Router Dataset Log#

Tracks changes to benchmarks/inputs/router/router_slices/, router benchmark runs, and evaluation summaries per iteration.

Format#

Each entry is an iteration. Counts are by route_label across all queries in the changed files.

iter-1 — 2026-04-23 (initial slices)#

Date: 2026-04-23

Slice files changed / created:

file	route_label	dev	test	total
`benchmarks/inputs/router/router_slices/shell_state_v1.json`	tools	15	15	30
`benchmarks/inputs/router/router_slices/read_file_repo_v1.json`	tools	15	15	30
`benchmarks/inputs/router/router_slices/abstain_v1.json`	abstain	15	15	30
`benchmarks/inputs/router/router_slices/memory_lane_v1.json`	memory	15	15	30

Total router-labeled queries (slices only):

route_label	count
tools	60
abstain	30
memory	30

(Plus existing route_label: tools queries from benchmarks/inputs/datasets/internal_eval_starter.json: ~8 dev + test combined.)

Tool inventory snapshot: benchmarks/inputs/router/router_tools.json (generated by dump-tools)

Data quality notes:

shell and read_file slices include Japanese-language variants and typo/fragment queries to prevent English keyword hacking
memory_lane queries are adversarially similar to tool queries (same topics: embedding server, reranker, config defaults) but ask about past decisions/notes rather than current state
abstain queries cover: subjective preference, underspecified, future prediction, external web, credential requests

Router train/eval command (iter-1):

  nix develop --command cargo run -p klbr-bench -- router-multi \
  benchmarks/inputs/configs/mvp_rerank_support_calibrated.json \
  benchmarks/models/router/centroid/out-router-iter-1 \
  benchmarks/inputs/datasets/internal_eval_starter.json \
  benchmarks/inputs/router/router_slices/shell_state_v1.json \
  benchmarks/inputs/router/router_slices/read_file_repo_v1.json \
  benchmarks/inputs/router/router_slices/memory_lane_v1.json

note: abstain_v1.json is excluded from the first run because the current router only distinguishes memory vs tools. once a three-class head is wired, add it.

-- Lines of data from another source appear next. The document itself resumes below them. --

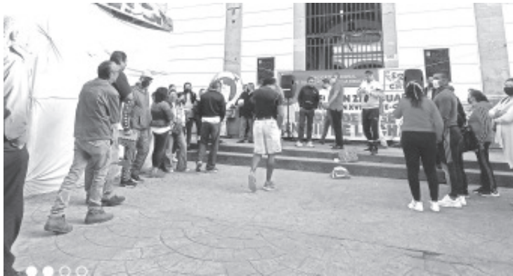
Maestros de la Coordinadora Nacional de Trabajadores de la Educación (CNTE), Grupo Poder de Base, tomaron la presidencia municipal e impidieron el funcionamiento de las distintas dependencias ubicadas en el palacio del gobierno local.

Entre las leyendas que se pudieron leer en las pancartas pegadas en las puertas de la presidencia municipal estuvieron: "Donde hay un niño, que exista un maestro; contratación de maestros generación 19, 20, 21 y 22", "Yarabi nuestro salario no es negociable ¡Pago inmediato!", "Exigimos pago inmediato del salario a los maestros", entre otros.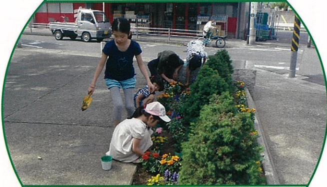
公開空地をはなやかに こども達の豊かな感性で、マンション周囲に季節の花が咲きました。夏に向けてカラフルに彩る花壇を楽しみに! (5月23日)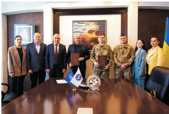
Співпраця із Адміністрацією Державної служби спеціального зв'язку та захисту інформації України (березень 2023)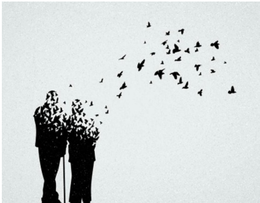
«comment la vie se finit-elle»

Lectures, dialogues théâtraux, dialogues à inventer et à écrire, retranscriptions : travailler avec lenteur et au rythme chaque jour qui s'impose, avec les résident.es / patient.es, les soignant.es, les accompagnant.es, les familles.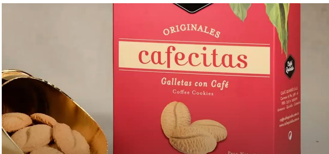
Imagen 3: Las Cafecitas es uno de los productos que más consumen los clientes de Café Quindío. Fuente: material Aroma de Innovación Café Quindío.

La principal idea de Café Quindío siempre ha sido generar valor agregado y eso le ha permitido crear diversos productos, siendo esto fundamental para tener una estructura transversal de innovación muy importante para la compañía. Referirse a los nuevos productos de esta marca significa conocer la manera en que estos comenzaron a generarse y aquí jugó un papel importante la fundadora de esta organización, que era muy amante a la gastronomía. Ella, comenzó a ir a clases de pastelería en Bogotá, cuando regresaba al Quindío preparaba galletas, las ensayaba, le enviaba al profesor una carta con unas muestras y fue de esta manera como se desarrollaron las Cafecitas , el primer producto fuera de la línea del café y uno de los best-sellers del mercado (uno de los productos más vendidos). Después, en la misma planta de producción se fueron creando otros productos alrededor del café como los merengues , caramelos , mermeladas , entre otros. Claramente quedaba demostrado que a esta empresa ya no solo se le miraba como una tostadora, sino que también se le resaltaba por generarles a sus clientes nuevas experiencias entorno al café, siendo una de las primeras tostadoras en el mundo en lograr esto.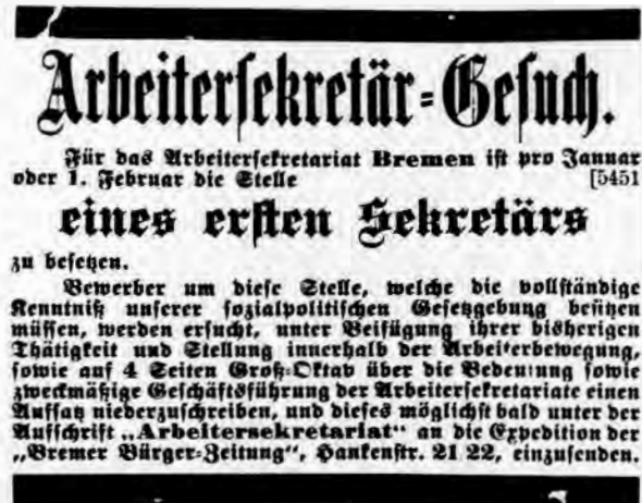
Abb. 09 Das Stellengesuch für den Posten eines Arbeitersekretärs in der Bremer Bürger-Zeitung (BBZ) am 12. November 1899

1894 gründet sich in Bremen das Gewerkschaftskartell , in dem 28 Einzelgewerkschaften mit 4.554 Mitgliedern vertreten sind.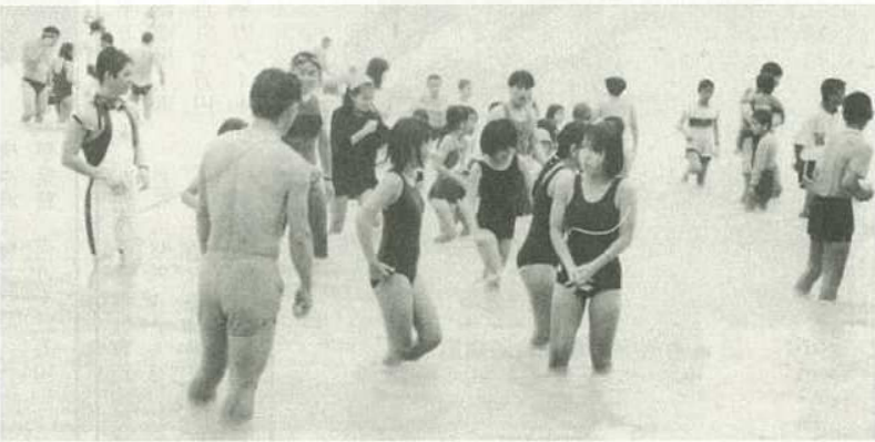
▲あいにくの雨にもかかわらず、大勢の市民、観光客が初泳ぎを楽しんだ＝底地ビーチ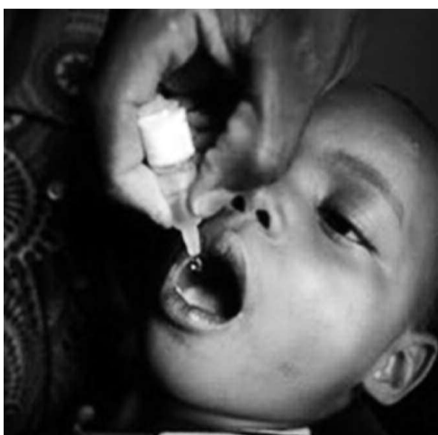
Un enfant recevant deux gouttes de vaccin polio oral

Mais les résultats de la première journée, dans la zone de santé de la Gombe, n'ont pas été fameux. Les vaccinateurs n'ont pas atteint le nombre d'enfants escompté, qui était de deux cents enfants au moins. En outre, la supervision des activités sur le terrain n'a pas été optimale. La plupart des superviseurs n'ont pas été formés, d'où les nombreux dysfonctionnements dans cette campagne de vaccination. Certains superviseurs ne savaient pas remplir des fiches, d'au-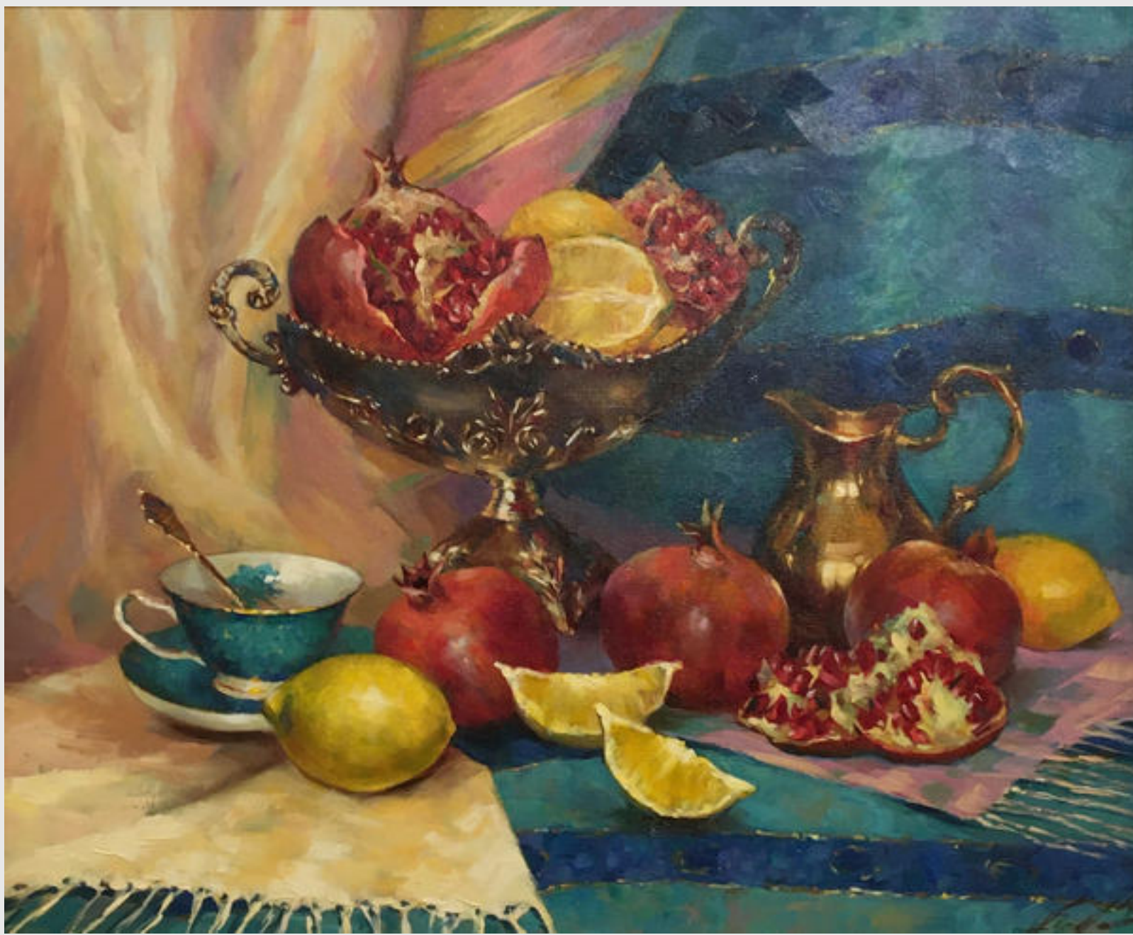
Лимоны и гранаты, 2018 г.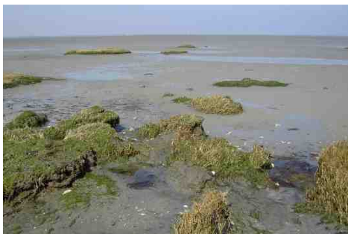
Verdrongen Land van Zuid-Beveland

Later gidste ik op de slikken en schorren van het Galgeschoor, Groot Buitenschoor en het Verdrongen Land van Zuid Beveland. De desolate ruigheid met de bijzondere zoutminnende of zoutverdragende flora, daarin voel ik mij in mijn element. Planten als Zeekraal, Zulte of Zee-aster (wordt verkocht als de groente Lamsoor), Lamsoor, Gewone Zoutmelde, Zilte schijnspurrie etc. en niet te vergeten de hermafrodiete slak Muiltje ( Crepidula fornicata ). Alle Muiltjes worden geboren als slanke beweeglijke mannetjesslakken, na paring veranderen zij in immobiele dikke vrouwtjes. De natuur gaat zijn gang en heeft niets te maken met het onvermogen van de mens met de mond vol tanden!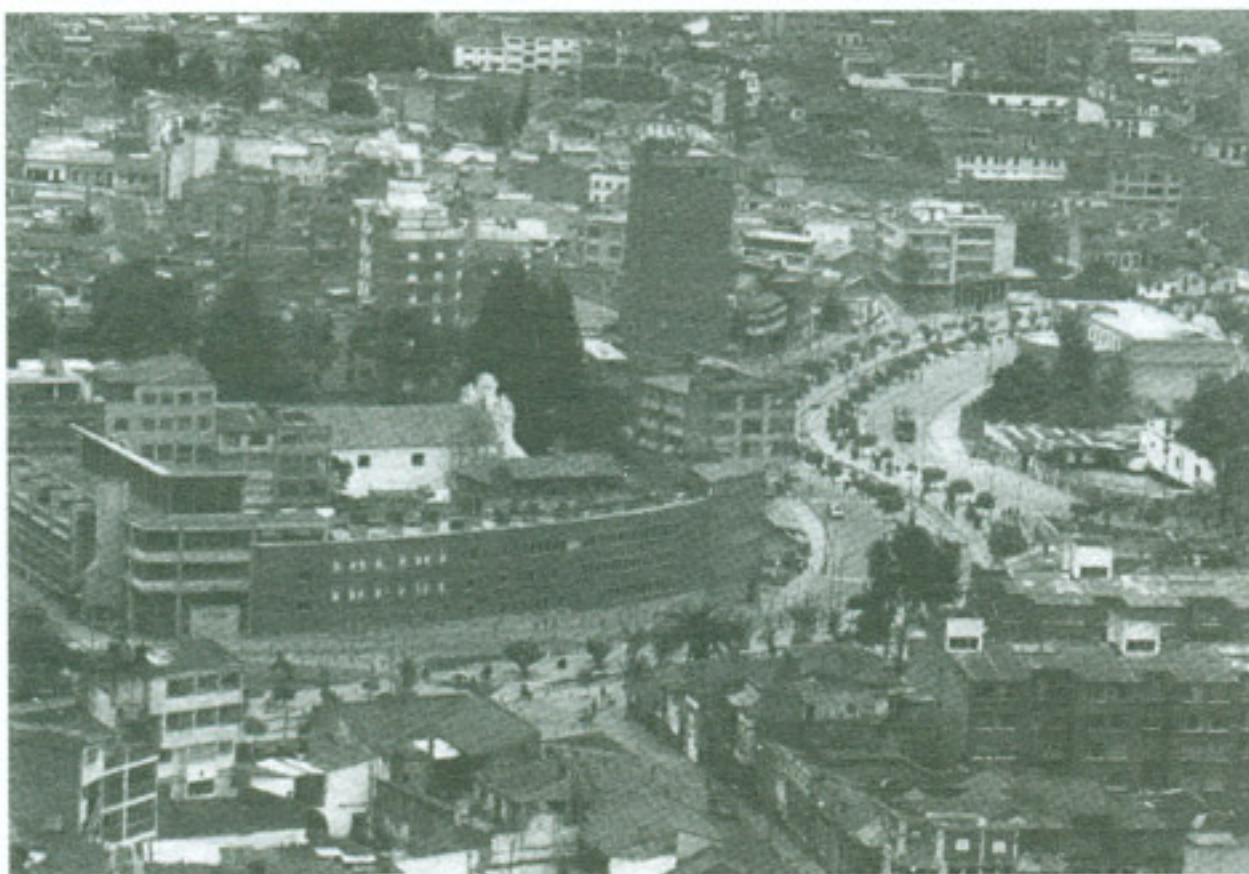
Avenida Gonzalo Jiménez, Bogotá, 1999-2000.

de la propuesta. Y encontramos también la Casa en Río Frío , en donde frente a la horizontal se construye una topografía que da un nuevo sentido al esquema de los patios.

Benchmark output dir: benchmarks/models/router/centroid/out-router-iter-1/

Results:

metric	value
labeled queries (test)	61 (32 tools, 29 memory)
tools precision	1.0000 ✅
tools recall	0.3125 ⚠️
memory false-tools rate	0.0000 ✅
accuracy	0.6393
threshold	0.100

Gate status: precision gate MET, recall gate NOT YET MET — needs more tool-lane test coverage to push recall up without hurting precision

iter-3 — 2026-04-23 (3-way routing)#

Changes:

Upgraded router to 3-way centroid classification (Tools, Memory, Abstain).
Added abstain_v1.json, shell_state_v1b.json, read_file_repo_v1b.json.
Added V2 slices for shell, read_file, memory_lane.

Results:

Tools Precision: 1.0000
Tools Recall: 0.1875
Memory False-Tools Rate: 0.0000

iter-4 — 2026-04-23 (Adversarial & Observability)#

Changes:

Added memory_adversarial_v1.json to sharpen memory centroid.
Added T-sim/M-sim/A-sim scores to misclassified table and agent status.

Results:

Tools Precision: 1.0000
Tools Recall: 0.1625
Memory False-Tools Rate: 0.0000

Conclusion: Centroids are at their semantic limit. 1.0 precision makes this safe to deploy as a conservative gate.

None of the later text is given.